● What you will do: Among the entries below, only the lines starting at the one with "Elevate your style" and ending at the one with "CASCADE Fruitstand white", both included, are to be printed exactly.
[Opening Records shown section]
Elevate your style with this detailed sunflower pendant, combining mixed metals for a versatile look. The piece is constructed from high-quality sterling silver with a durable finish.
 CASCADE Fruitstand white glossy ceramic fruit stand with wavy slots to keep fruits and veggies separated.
[Closing Records shown section]
[Opening Records shown section]
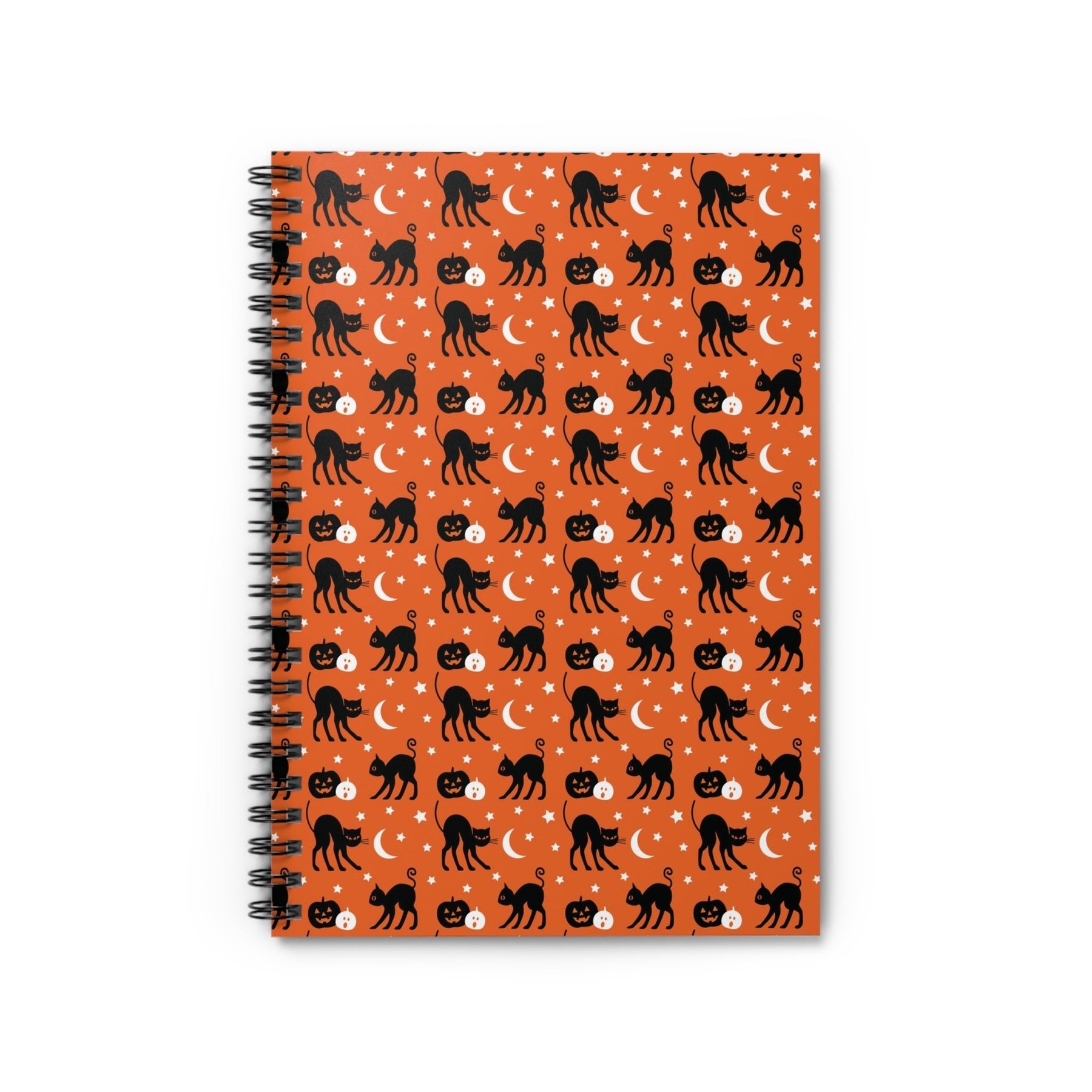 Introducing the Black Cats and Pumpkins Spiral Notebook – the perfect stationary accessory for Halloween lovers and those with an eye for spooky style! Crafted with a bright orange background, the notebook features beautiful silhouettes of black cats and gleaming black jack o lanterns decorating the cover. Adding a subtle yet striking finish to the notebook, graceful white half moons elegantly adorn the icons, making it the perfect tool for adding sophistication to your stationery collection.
[Closing Records shown section]
● Output of the task:
Elevate your style with this detailed sunflower pendant, combining mixed metals for a versatile look. The piece is constructed from high-quality sterling silver with a durable finish.
 CASCADE Fruitstand white glossy ceramic fruit stand with wavy slots to keep fruits and veggies separated.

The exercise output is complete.